ACTIVITY:
The listing is to be transcribed in full, with its images left out.

DATASET SECTION:
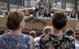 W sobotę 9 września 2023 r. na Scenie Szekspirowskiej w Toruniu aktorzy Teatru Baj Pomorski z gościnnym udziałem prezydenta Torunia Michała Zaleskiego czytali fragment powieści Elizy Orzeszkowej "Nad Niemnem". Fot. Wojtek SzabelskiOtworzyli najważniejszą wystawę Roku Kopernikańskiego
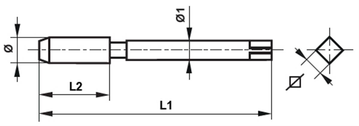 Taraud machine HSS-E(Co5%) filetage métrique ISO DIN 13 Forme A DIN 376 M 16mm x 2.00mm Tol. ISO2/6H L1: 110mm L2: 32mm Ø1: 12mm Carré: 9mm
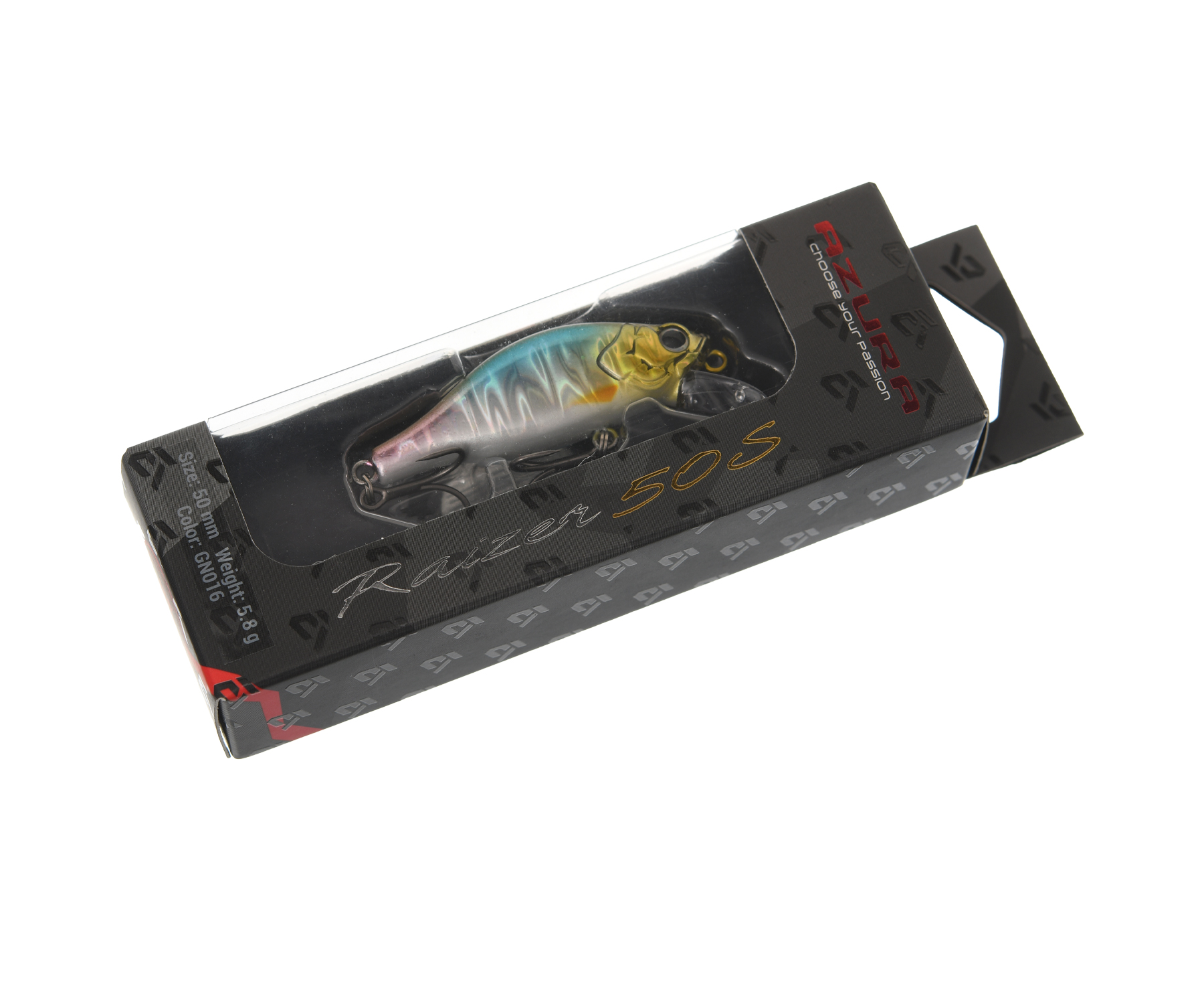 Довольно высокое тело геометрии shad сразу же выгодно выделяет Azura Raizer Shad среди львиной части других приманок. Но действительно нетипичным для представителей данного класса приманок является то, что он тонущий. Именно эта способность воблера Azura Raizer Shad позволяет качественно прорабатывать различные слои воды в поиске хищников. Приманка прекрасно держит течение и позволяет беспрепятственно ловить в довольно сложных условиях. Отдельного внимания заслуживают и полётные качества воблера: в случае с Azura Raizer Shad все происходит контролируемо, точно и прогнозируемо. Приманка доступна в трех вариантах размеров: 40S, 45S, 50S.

WRITTEN RESPONSE:
 W sobotę 9 września 2023 r. na Scenie Szekspirowskiej w Toruniu aktorzy Teatru Baj Pomorski z gościnnym udziałem prezydenta Torunia Michała Zaleskiego czytali fragment powieści Elizy Orzeszkowej "Nad Niemnem". Fot. Wojtek SzabelskiOtworzyli najważniejszą wystawę Roku Kopernikańskiego
 Taraud machine HSS-E(Co5%) filetage métrique ISO DIN 13 Forme A DIN 376 M 16mm x 2.00mm Tol. ISO2/6H L1: 110mm L2: 32mm Ø1: 12mm Carré: 9mm
 Довольно высокое тело геометрии shad сразу же выгодно выделяет Azura Raizer Shad среди львиной части других приманок. Но действительно нетипичным для представителей данного класса приманок является то, что он тонущий. Именно эта способность воблера Azura Raizer Shad позволяет качественно прорабатывать различные слои воды в поиске хищников. Приманка прекрасно держит течение и позволяет беспрепятственно ловить в довольно сложных условиях. Отдельного внимания заслуживают и полётные качества воблера: в случае с Azura Raizer Shad все происходит контролируемо, точно и прогнозируемо. Приманка доступна в трех вариантах размеров: 40S, 45S, 50S.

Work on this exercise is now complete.